Dueling accounts of a hotel job fair offer a choice: Blame lazy workers, or lousy jobs
As Republican-controlled states cut off added federal unemployment aid to millions of workers, The New York Times and The Wall Street Journal are on the spot with dueling takes on the effects of the cut-offs. The picture you get of the situation in Missouri—one of the earliest states to end the benefits, on June 12—is very different depending which newspaper you’re reading. But when you dig into the details, it gets interesting.
The Times opens at a job fair with few job applicants, and notes, “Work-force development officials said they had seen virtually no uptick in applicants since the governor’s announcement, which ended a $300 weekly supplement to other benefits. And the online job site Indeed found that in states that have abandoned the federal benefits, clicks on job postings were below the national average.”
The WSJ opens “The number of unemployment-benefit recipients is falling at a faster rate in Missouri and 21 other states canceling enhanced and extended payments this month, suggesting that ending the aid could push more people to take jobs.”
Hmm, okay … What does that “push” look like?
One woman interviewed by the WSJ has just had her federal unemployment benefits cut off and is scrambling to find food for herself and her two children. But taking a low-wage job would cause her to lose the health insurance still being covered by the corporate-travel agent job that furloughed her during the pandemic. She’s hoping to be recalled to that job, but in the mean time, the unemployment aid cut-off means she’s turning to food pantries.
Is this supposed to be the face of those lazy people taking unemployment benefits because they don’t want to work?

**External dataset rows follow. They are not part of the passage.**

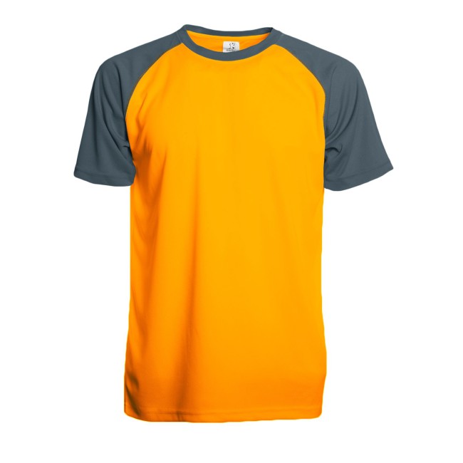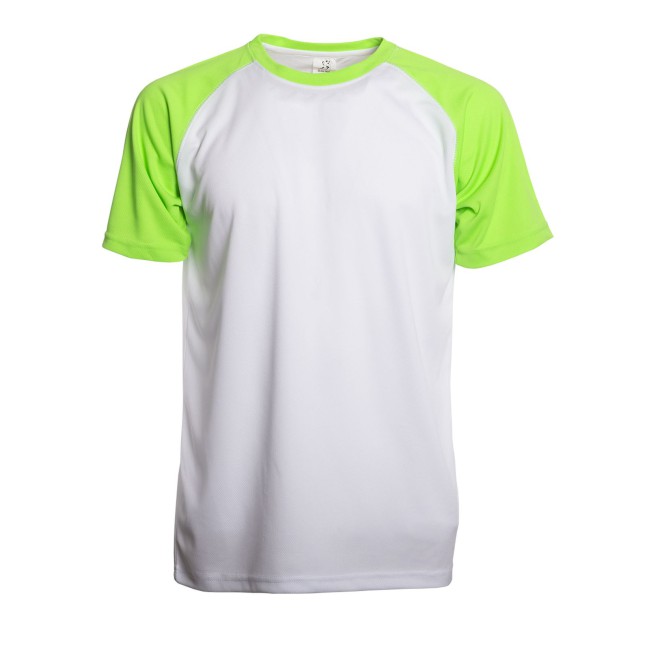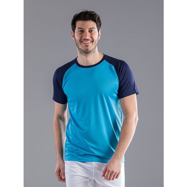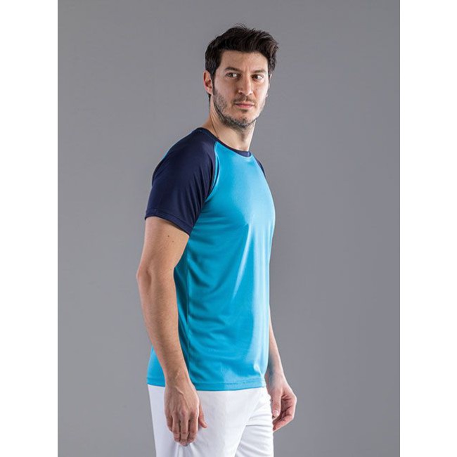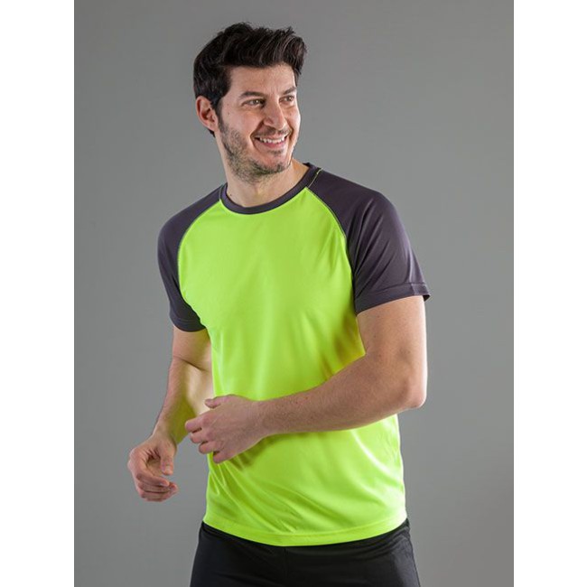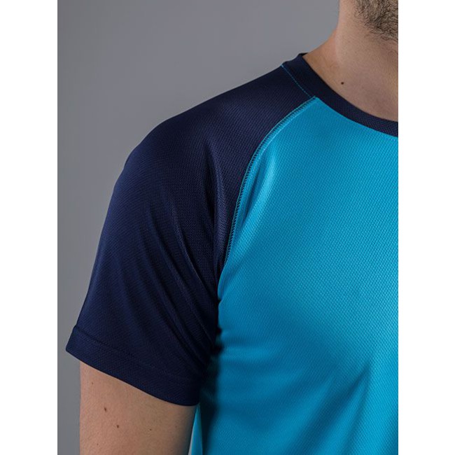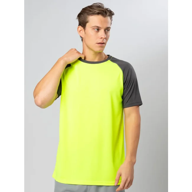 100% poliestere. T-shirt maniche corte raglan, girocollo di colore contrastante, cuciture flatlock per un maggiore comfort, struttura con cuciture laterali. Etichetta removibile.
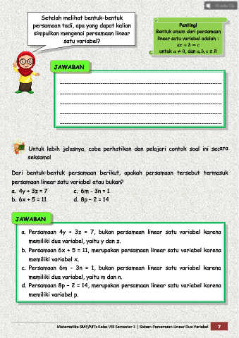 Matematika SMP/MTs Kelas VIII Semester 1 | Sistem Persamaan Linear Dua Variabel 7
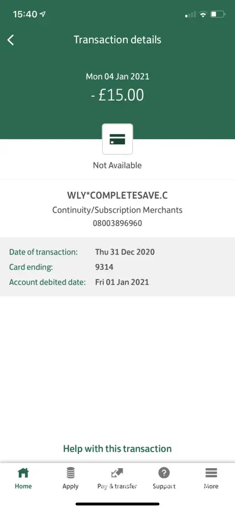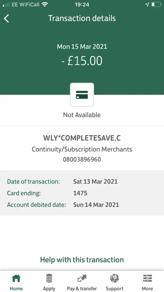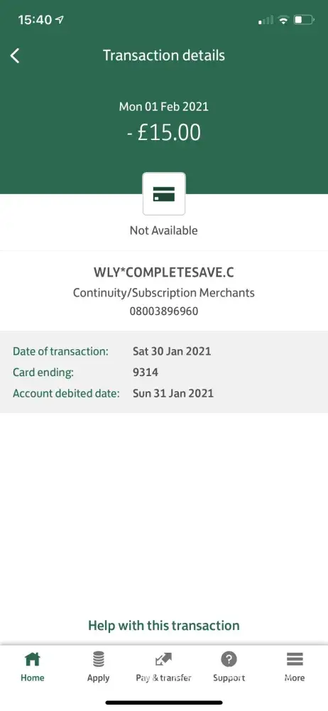 I have never bought anything, or set up any accounts/free trials etc from this, this is the first I have ever heard of WLY*completesave, so I am just wondering why there has been money taken from my account by you. It has me worrying I have been scammed/hacked. I can't imagine how you would have received my details as I have never shared them with you.
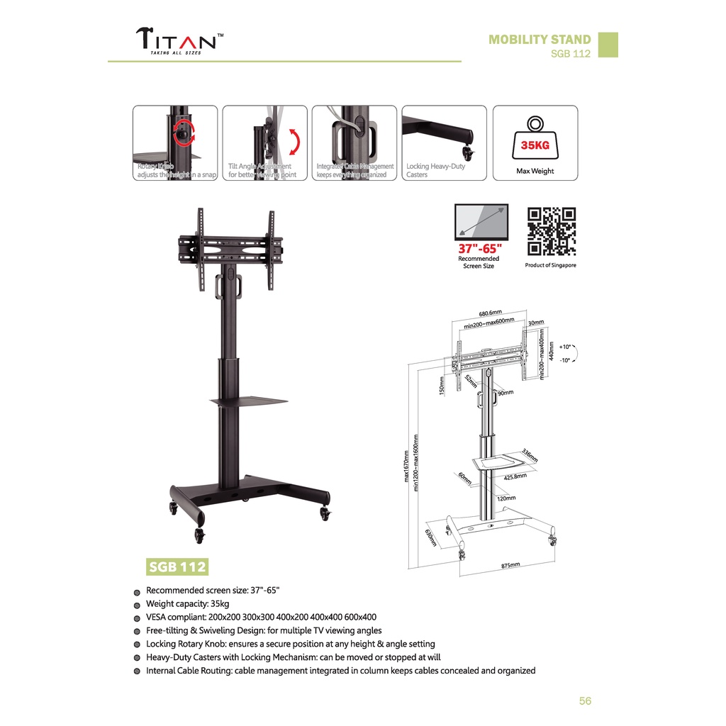 SGB112 MOBILITY STAND FOR 32'' - 65' TV [With Installation]
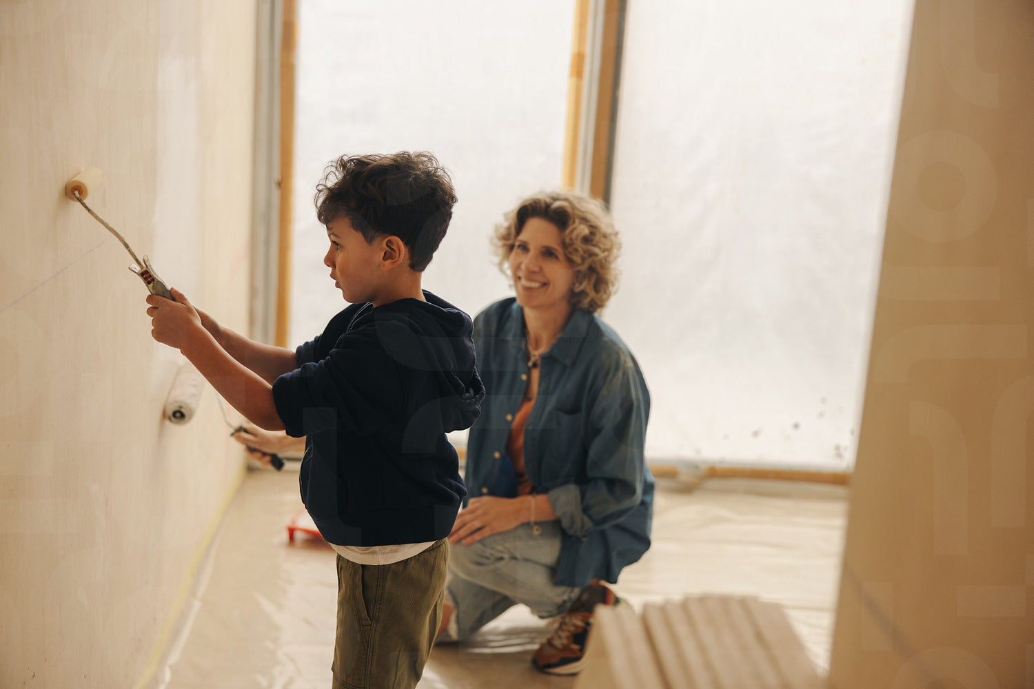 Happy mother and son bond over a DIY painting project at home. Together, they renovate and improve the interior of their house, showcasing their creativity and smile throughout the process.
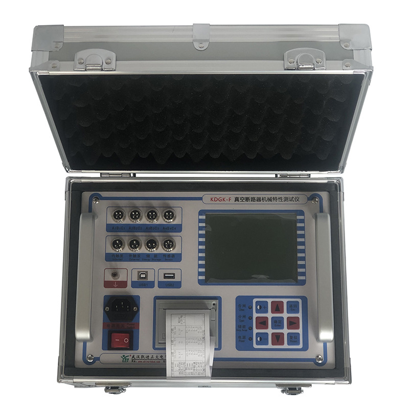 KDGK-F 断路器机械特性测试仪可用于各电压等级的真空、六氟化硫、少油、多油等电力系统高压开关的机械特性参数测试与测量。测量数据稳定,抗干扰性强,可在500KV等级及以下电站做实验,接线方便,操作简单,是高压开关检修试验常备工具。
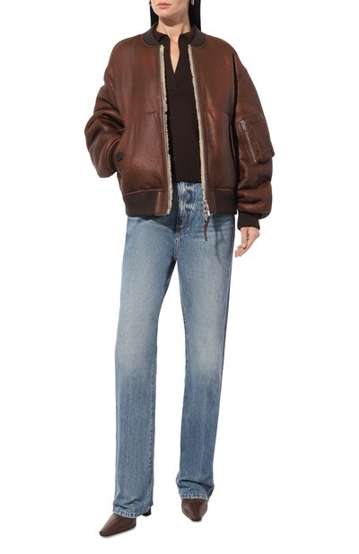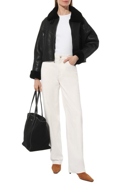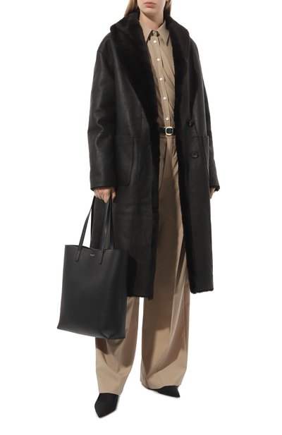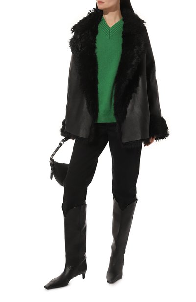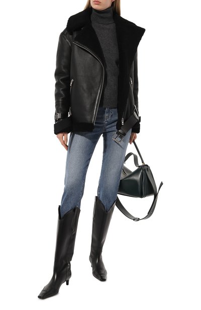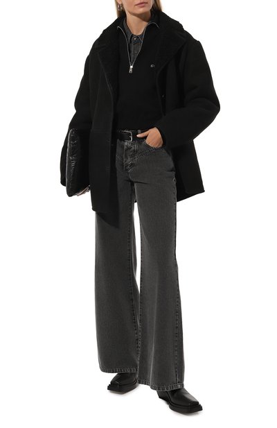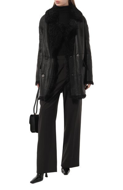 На создание черной дубленки дизайнеров бренда вдохновила традиционная куртка пилота. На это указывают отложной воротник, подчеркнутые погонами плечи, широкий пояс с акцентной металлической фурнитурой в тон крупной молнии. Модель сшили из мягкой овчины, бархатистой снаружи и пушистой с изнанки. Приятный на ощупь материал надежно удерживает тепло и защищает от ветра.
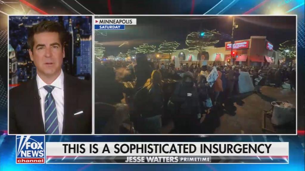 Fox host Jesse Watters condemned Gov. Tim Walz, telling viewers that he “has not made any effort to chill out his citizens” and has instead “been in open rebellion against the federal government” and “activated a Minnesota insurgency.”
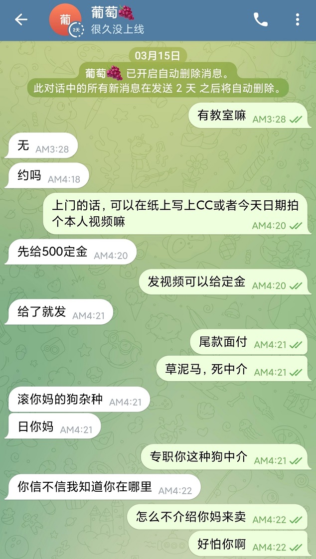 当你转了定金,对方会说:“你是第一次来,为了保证技师安全,防止你是便衣,需要支付1000-3000元保证金(承诺服务完退还)。”
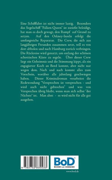 Eine Schifffahrt ist nicht immer lustig. Besonders das Segelschiff "Falken-Queen" ist zutiefst beleidigt, hat man es doch gewagt, den Rumpf auf Grund zu setzen. Auf den Orkney-Inseln erfolgt die umfangreiche Reparatur. Die Crew, die sich aus langjährigen Freunden zusammensetzt, will es von dort abholen und nach Hamburg zurück verbringen. Die Rückreise wird genutzt, um entlang der schönen schottischen Küste zu segeln. Über dieser Crew liegt ein Geheimnis und die Stimmung kippt, als ein engagierter Koch an Bord kommt, aber nicht nur wegen dem. Nach und nach kommt alles zum Vorschein, worüber alle jahrelang geschwiegen haben. Dieser Kriminalroman verarbeitet die Redewendung "Versprochen ist versprochen - und wird auch nicht gebrochen" und was von Versprechen übrig bleibt, wenn man sich selbst "der Nächste" ist. Man ahnt - es wird nicht für alle gut ausgehen.
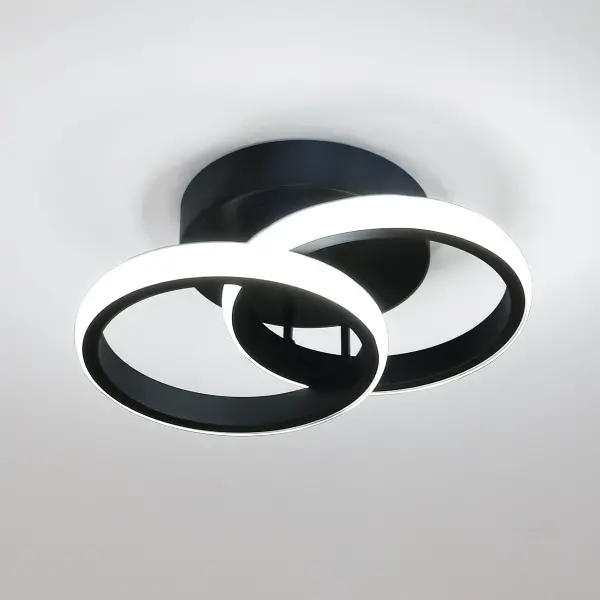 DELIPOP Modern LED Ceiling Light, 22W Black Flush Mount Ceiling Lamp Fixture, 6500K Cold White LED Hallway Light for Living Room Bedroom Entryway Aisle Bathroom Kitchen Round Black 6500K
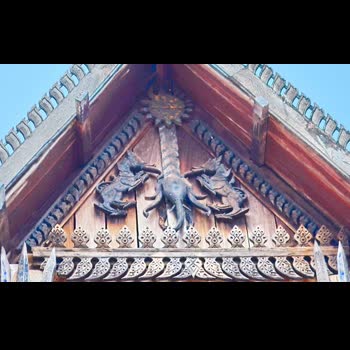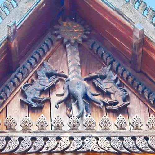 | คำอธิบาย : หน้าบันสิมวัดแจ้ง แกะสลักเป็นรูปช้างเอราวัณอยู่กลางระหว่างคชสีห์สองตัว |
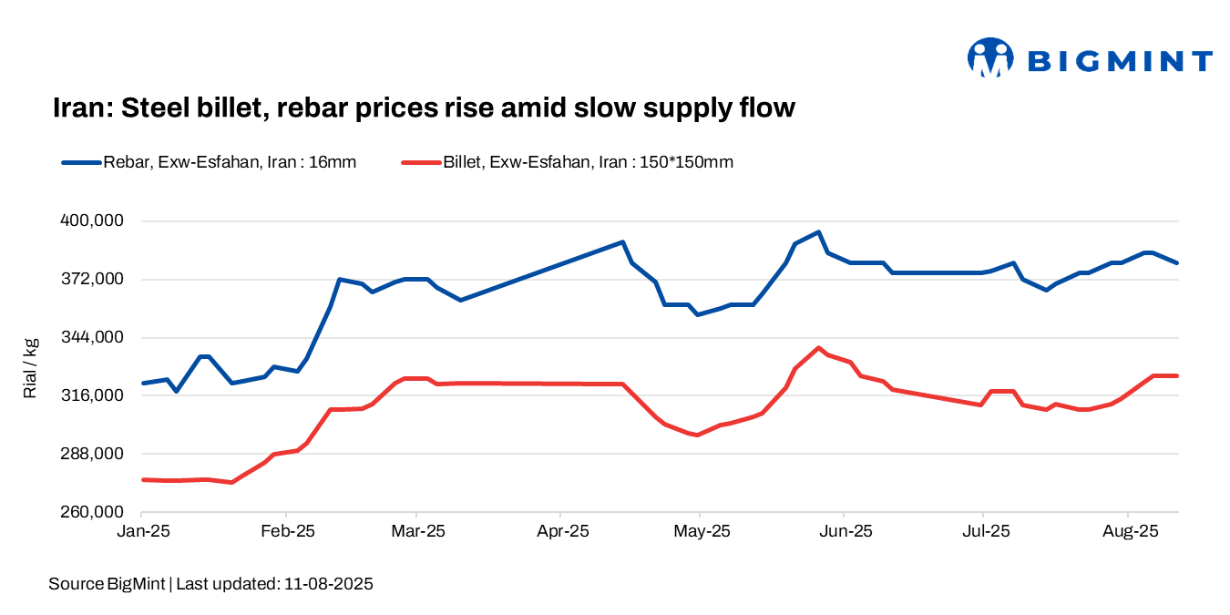 - Iran’s billet price held steady at 325,500 rial/kg, and rebar price dropped by 5,000 rial/kg to 380,000 rial/kg on 11 Aug’25.
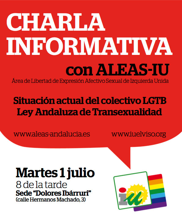 ALEAS-IU es el Área de Libertad de Expresión Afectivo Sexual de Izquierda Unida que trabaja por los derechos de lesbianas, gays, transexuales, bisexuales e intersexuales. Contaremos con la presencia de su coordinador provincial de Sevilla para que nos explique qué hacen desde el área, cuál es la situación actual del colectivo LGTB y de la Ley Andaluza de Transexualidad.
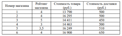 Задание 6. Сергей Петрович хочет купить в интернет-магазине микроволновую печь определённой модели. В таблице показано 6 предложений от разных интернет-магазинов.
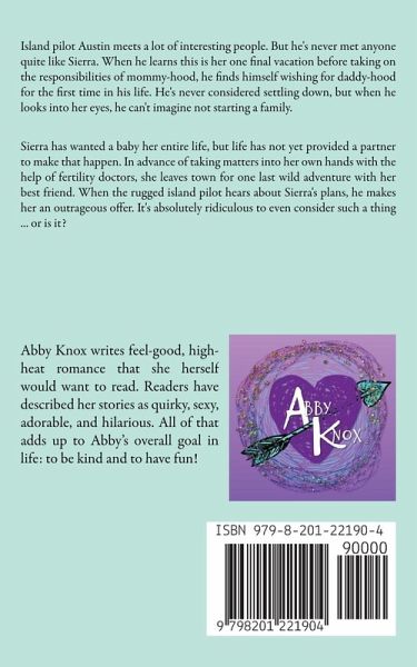 Island pilot Austin meets a lot of interesting people. But he's never met anyone quite like Sierra. When he learns this is her one final vacation before taking on the responsibilities of mommy-hood, he finds himself wishing for daddy-hood for the first time in his life. He's never considered settling down, but when he looks into her eyes, he can't imagine not starting a family. Sierra has wanted a baby her entire life, but life has not yet provided a partner to make that happen. In advance of taking matters into her own hands with the help of fertility doctors, she leaves town for one last wild adventure with her best friend. When the rugged island pilot hears about Sierra's plans, he makes her an outrageous offer. It's absolutely ridiculous to even consider such a thing ... or is it?
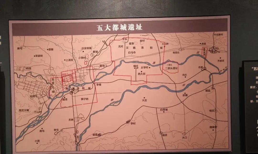 二 洛阳为都城所在,公元605年,隋炀帝命将作大监宇文恺营建洛阳城,这成为隋唐时期的都城所在。这个展板展示的就是洛阳的五大都城,洛阳是当时的政治经济中心。
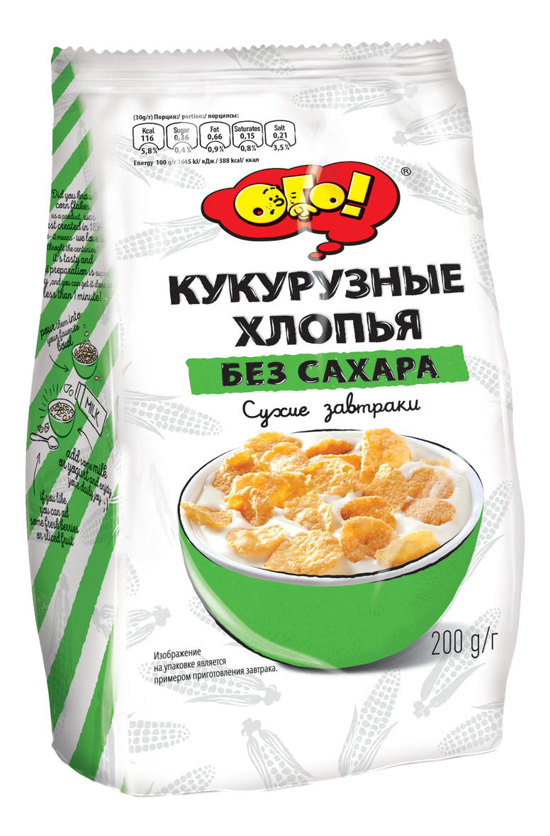 Хлопья Ого! кукурузные без сахара, 200г
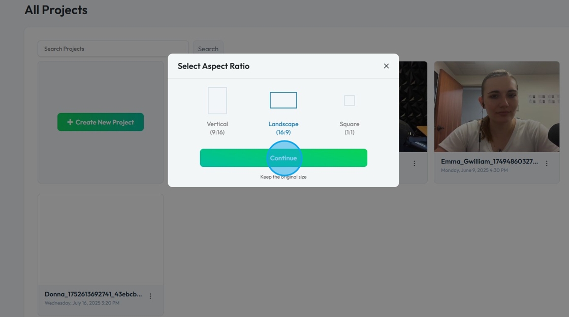 5. Choose the desired "Aspect Ratio" then click "Continue"
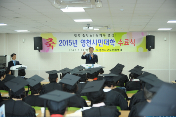 영천시(시장 김영석)는 21일 교육문화센터에서 권호락 시의회 의장, 수료생 등 100여명이 참석한 가운데 2015년 영천시민대학 수료식을 가졌다. 영천시민대학은 시민의 잠재능력 개발과 삶의 질 향상을 위해 영천시가 마련한 평생교육의 장으로 지난 4월 2일부터 2개월 동안 인문학, 건강, 문화, 내 고장 현장학습 등 다양한 주제로 수준 높은 교육을 실시했다. 또한 현대식 건물로 이전해 교육생들에게 최신식 강의실을 제공하는 등 수준을 더욱 높여 큰 호응을 이끌어냈다.
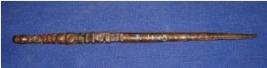 | Description / विवरण | Long copper Antimony rod may be used as hair ornament. On top it has decorated patterns. In lower part the tip is pointed and cylindrical. |
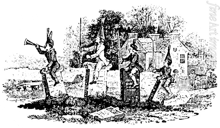 Title:Children playing in the cemetery. Vignette from the Book History of British Birds by Thomas Bewick
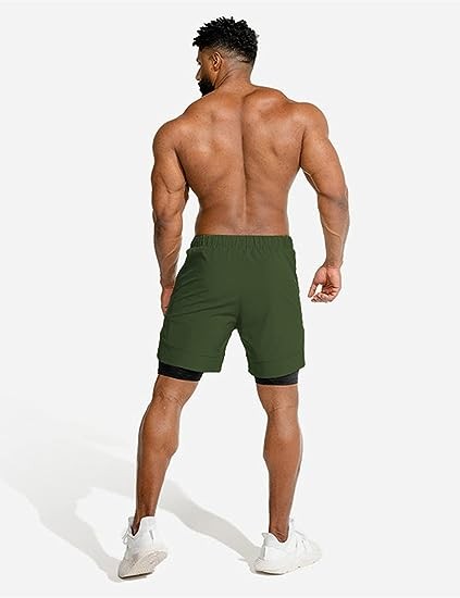 2-in-1 Shorts Design: These men's 2 in 1 gym workout shorts have built in elastic tight fit shorts offers support to thigh muscle, prevent friction, muscle fit. Adjustable drawstring elastic waistband fit your waist perfectly. Unique cut of hem provides extra flexibility. Two large side pockets, built-in phone pocket, can store your phone, earphones, mp3, keys, cards and other personal items.
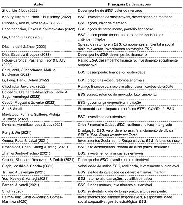 A seleção dos principais estudos que abordam os critérios ESG como um diferencial para investimentos é apresentada na Tabela 1.

Someone whose previous job valued them enough to pay for health coverage through a long furlough, who doesn’t want to lose that benefit in exchange for minimum wage and no benefits?
The greatest moment, though, comes when you realize that the two newspapers reported on the recent hiring success of the very same hotel. According to the WSJ, hotel company Midas Hospitality had a recent uptick of applications in Missouri, in particular at the Element Hotel in St. Louis, at the time of the unemployment aid cut-off.
Here’s the Times on the very same Element Hotel: “The hotel, which is on a major bus line, raised its starting wage to $13.50 an hour, the second increase in two months. It also offers benefits and a $50-a-month transportation allowance. The number of applicants shot up—to 40 from a handful the previous month—after the second wage increase.”
What. Do. You. Know. They raised pay and applications increased. The state’s minimum wage is $10.30 an hour, so $13.50, while still not a living wage for a single person in St. Louis, is a substantial boost over the minimum.
A woman interviewed by the Times, who was offered a job on the spot at the Element Hotel job fair and took it, already had a job as a housekeeper at a hotel near the airport, forcing her into a two-bus commute that took up to four hours on weekends. But if you read the WSJ, all you hear is that “several” of the people who were offered jobs at that job fair had been unemployed for at least six months. There’s no word on what those people’s stories were or how they would explain their choice to take that $13.50 an hour, benefits, on a major bus line job offer at this moment in time.
The U.S. economy is in recovery from a precedent-shattering, historic pandemic. No one really knows what path economic recovery will take, and many stories can be told about what is happening at any given moment. It’s clear that lots of workers are looking for a better deal than they’ve gotten in recent years—and, in some cases, finding it as employers scramble to staff back up quickly. It’s a certainty that some workers will be pushed into taking lousy jobs by the unemployment aid cut-off—but how much suffering will result?